Task to carry out: In the records below, find the line containing "目前,在教育改革的背景下,教" and the line containing "ispod dirljive fotografije.". Give again exactly those lines and every line between them, omitting the pictures.

Dataset excerpts:
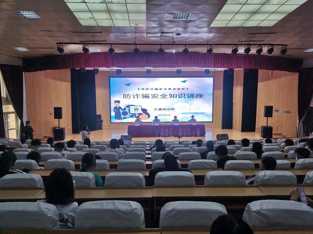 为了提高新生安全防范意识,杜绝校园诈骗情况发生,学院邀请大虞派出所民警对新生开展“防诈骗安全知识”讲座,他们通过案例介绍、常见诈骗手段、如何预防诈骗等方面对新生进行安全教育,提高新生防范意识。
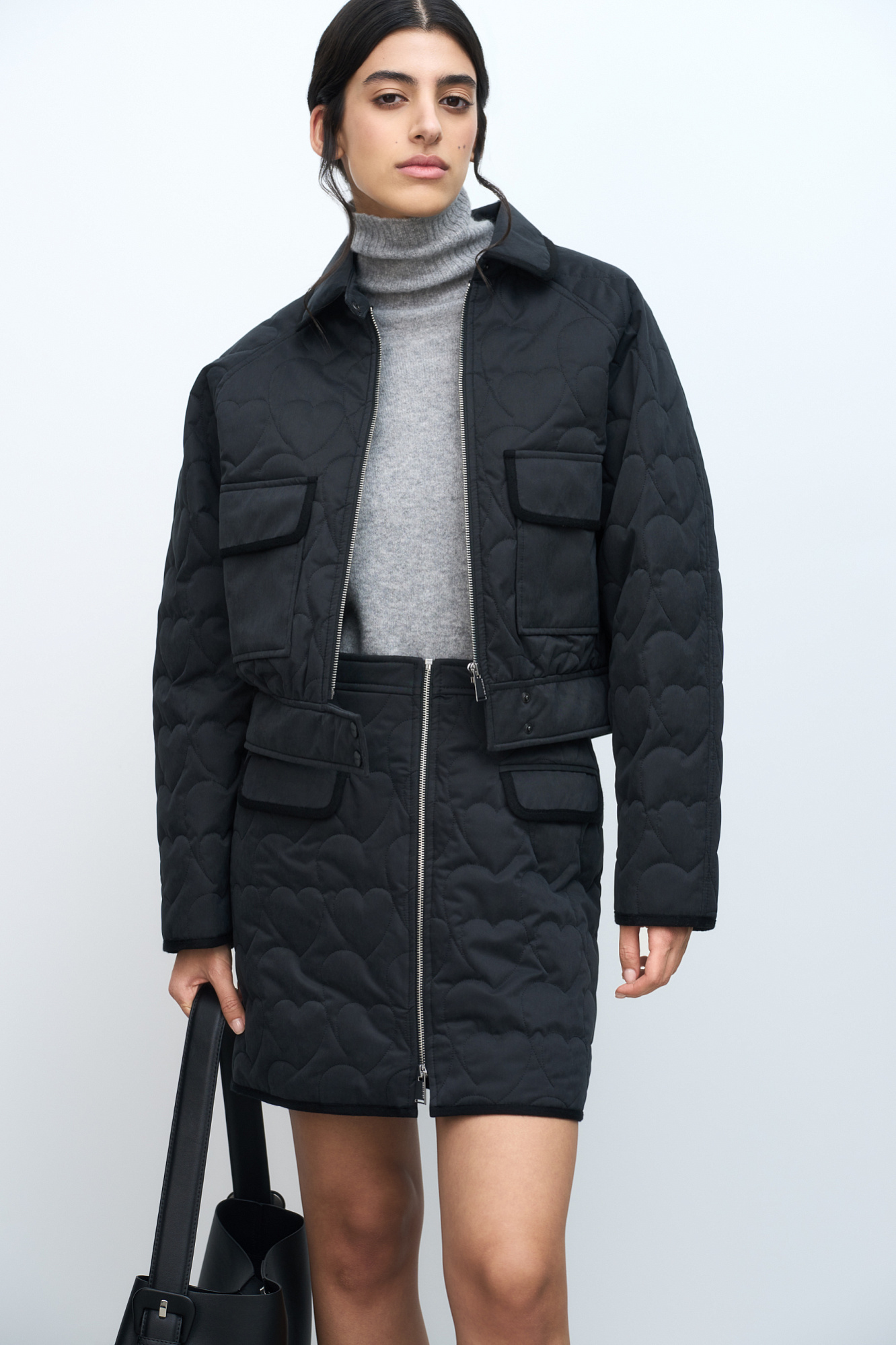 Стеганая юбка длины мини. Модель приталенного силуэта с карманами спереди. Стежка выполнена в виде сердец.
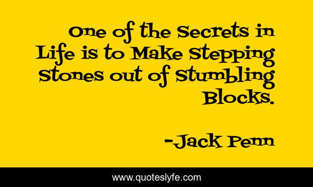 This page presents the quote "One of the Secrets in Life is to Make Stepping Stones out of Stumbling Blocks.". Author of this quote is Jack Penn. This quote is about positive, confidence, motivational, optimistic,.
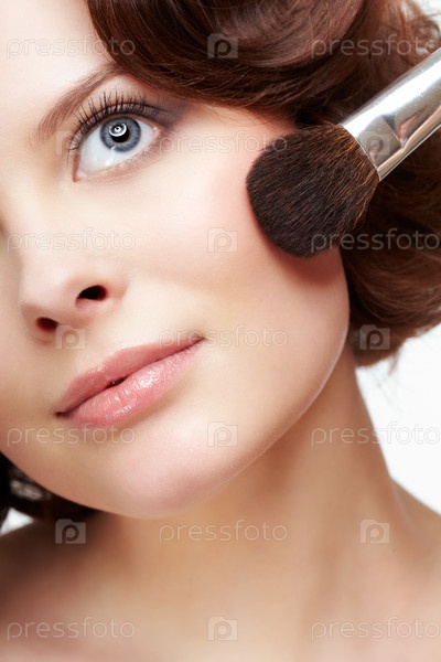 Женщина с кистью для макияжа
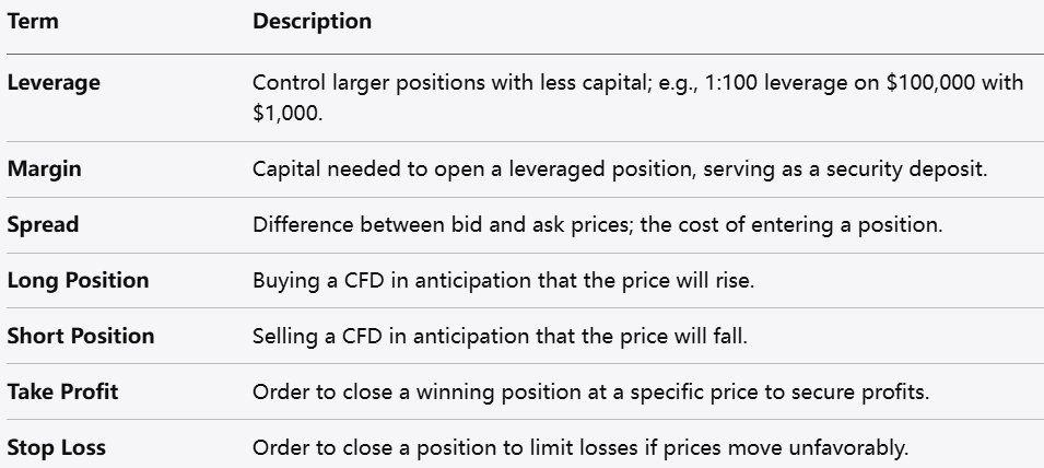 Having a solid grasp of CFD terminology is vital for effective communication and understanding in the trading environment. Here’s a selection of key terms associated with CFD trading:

---

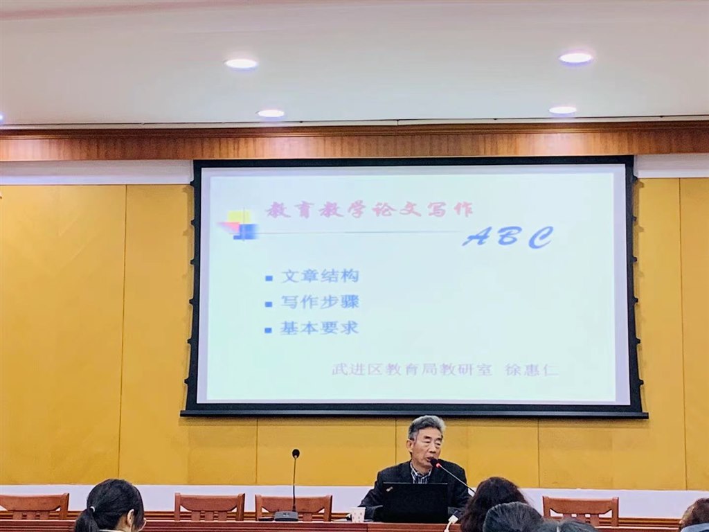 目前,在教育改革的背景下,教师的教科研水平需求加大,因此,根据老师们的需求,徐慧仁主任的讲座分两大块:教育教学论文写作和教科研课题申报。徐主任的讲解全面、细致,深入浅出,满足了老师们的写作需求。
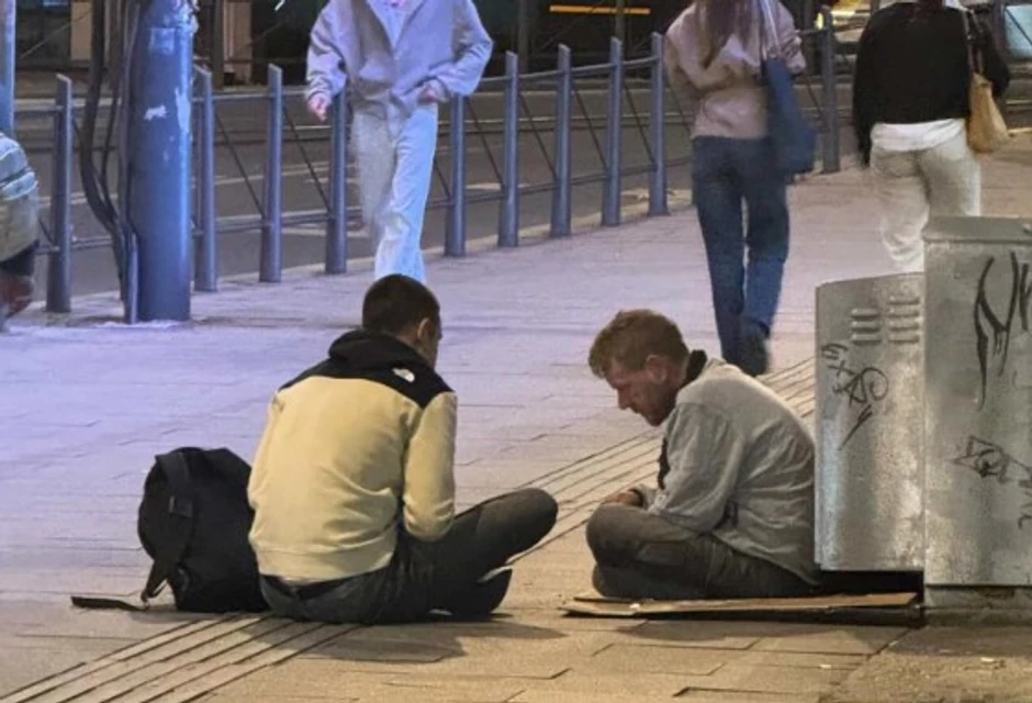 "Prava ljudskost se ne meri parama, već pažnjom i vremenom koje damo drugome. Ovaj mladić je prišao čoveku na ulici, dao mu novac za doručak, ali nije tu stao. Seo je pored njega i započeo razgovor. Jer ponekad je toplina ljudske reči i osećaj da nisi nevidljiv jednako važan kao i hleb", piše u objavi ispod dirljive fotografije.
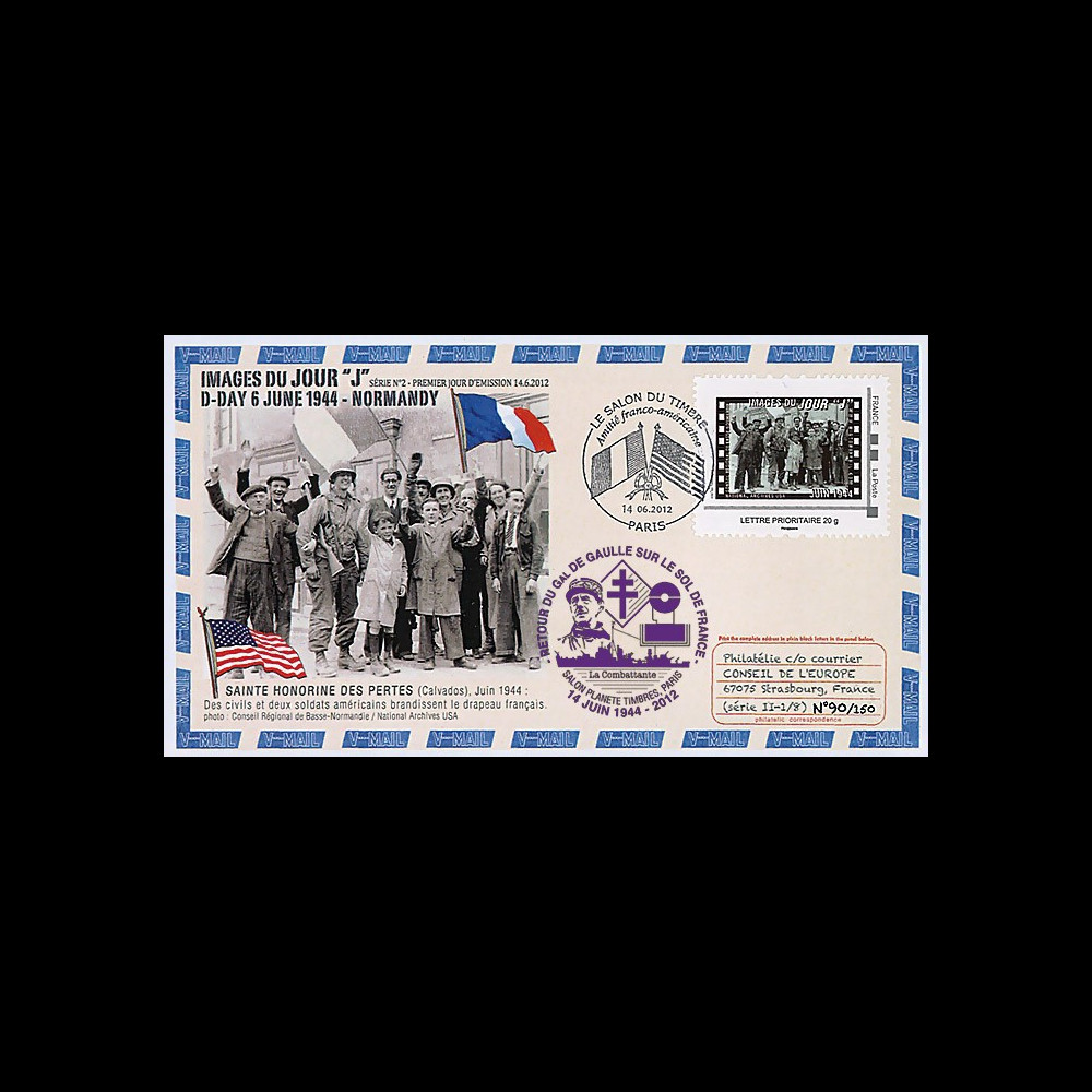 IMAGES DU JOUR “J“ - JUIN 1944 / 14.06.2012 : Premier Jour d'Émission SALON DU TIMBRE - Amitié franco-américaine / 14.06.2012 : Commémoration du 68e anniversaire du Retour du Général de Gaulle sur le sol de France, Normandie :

Answer section:
 目前,在教育改革的背景下,教师的教科研水平需求加大,因此,根据老师们的需求,徐慧仁主任的讲座分两大块:教育教学论文写作和教科研课题申报。徐主任的讲解全面、细致,深入浅出,满足了老师们的写作需求。
 "Prava ljudskost se ne meri parama, već pažnjom i vremenom koje damo drugome. Ovaj mladić je prišao čoveku na ulici, dao mu novac za doručak, ali nije tu stao. Seo je pored njega i započeo razgovor. Jer ponekad je toplina ljudske reči i osećaj da nisi nevidljiv jednako važan kao i hleb", piše u objavi ispod dirljive fotografije.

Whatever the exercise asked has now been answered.